Иногда объектом его праведного гнева становился ассистент, вскрывавший грудную клетку. Иногда – медсестры, а порой – оператор аппарата искусственного дыхания. Но, как ни странно, Конвей никогда не злился на самого Конвея.
– Даже если я доживу до ста лет, – прошипел он, – все равно не видать мне толкового анестезиолога. Никогда. Их просто не существует. Все анестезиологи – тупые безмозглые засранцы!
Мы переглянулись. На этот раз «плохим мальчиком» оказался Герби. Раза четыре в год нести тяжкий груз вины выпадало ему. Все остальное время Герби и Конвей были добрыми друзьями. Конвей превозносил его до небес, величая лучшим анестезиологом в стране и утверждая, что ни Сондрик из Бригхэмской больницы, ни Льюис из Майо, ни кто угодно другой в подметки не годится нашему Герби.

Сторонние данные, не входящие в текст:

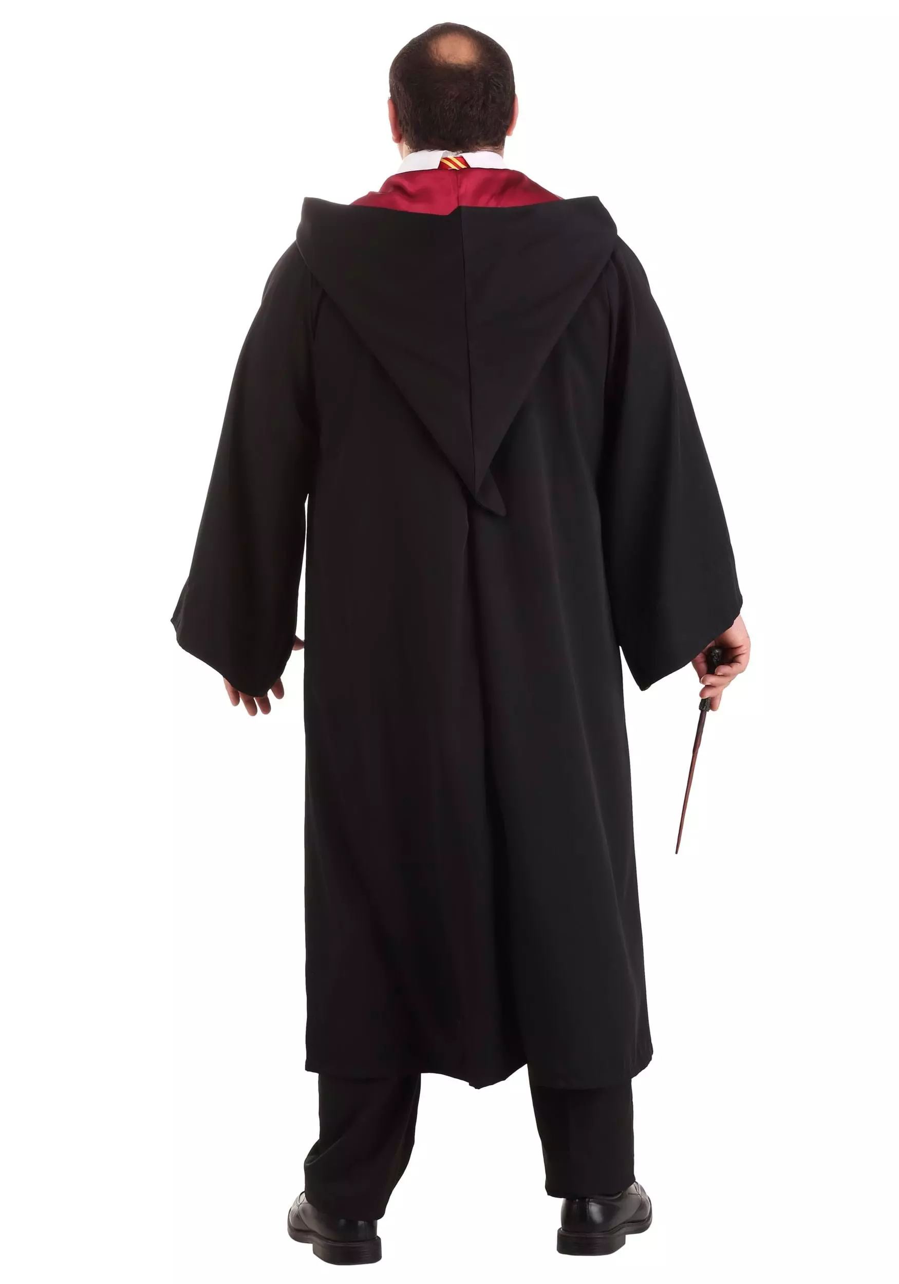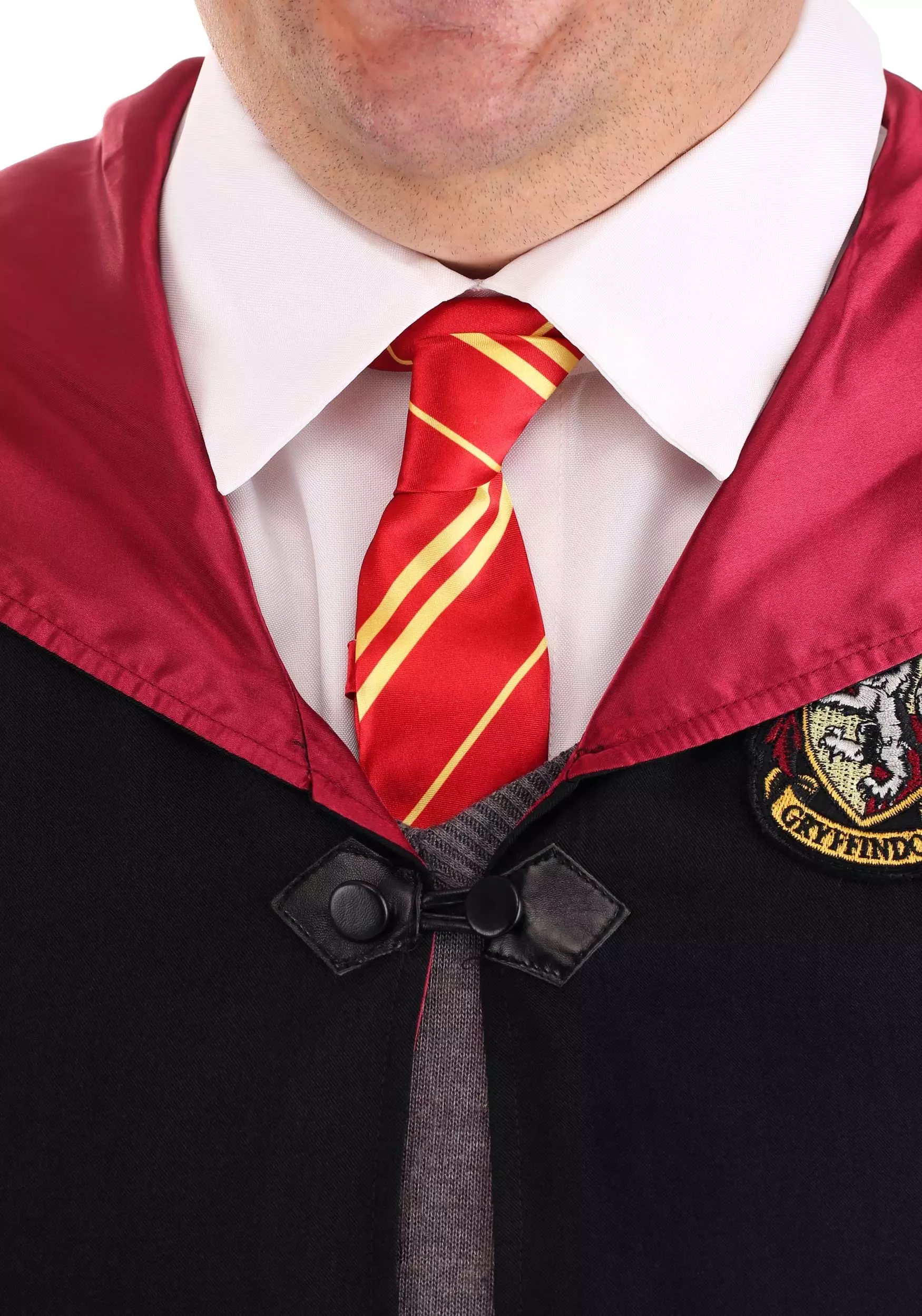This exclusive and officially licensed Plus Size Harry Potter Costume is exactly what you need for all your wizarding adventures! It comes with a faux silk tie, just like Harry’s. The v-neck soft-knit sweater has an embroidered Gryffindor crest on the chest and could easily have been taken from Harry’s own wardrobe. The Dickey, with its hook-and-loop fastener, is very reminiscent of one that Harry once wore. We want to stress that the hooded robe is not the invisibility cloak and is, in fact, very visible. Its red satin lining on the sleeves and front edges make it more like a visibility cloak.

Но четыре раза в год Герби оказывался повинным в СНС, что на жаргоне хирургов означало «смерть на столе». В сердечно-сосудистой хирургии СНС – явление весьма распространенное. Большинство хирургов убивает процентов пятнадцать своих пациентов. Конвей гробит восемь человек из ста.
Фрэнк Конвей великолепен. Да еще и удачлив. У него легкая рука, он наделен особым чутьем и теряет всего восемь процентов больных – вот почему мы терпим его жуткий норов и эти вспышки всесокрушающей ярости. Однажды Конвей лягнул наш лабораторный микроскоп и причинил больнице ущерб на тысячу долларов. Но никто и бровью не повел, потому что Конвей гробит только восемь человек из каждой сотни.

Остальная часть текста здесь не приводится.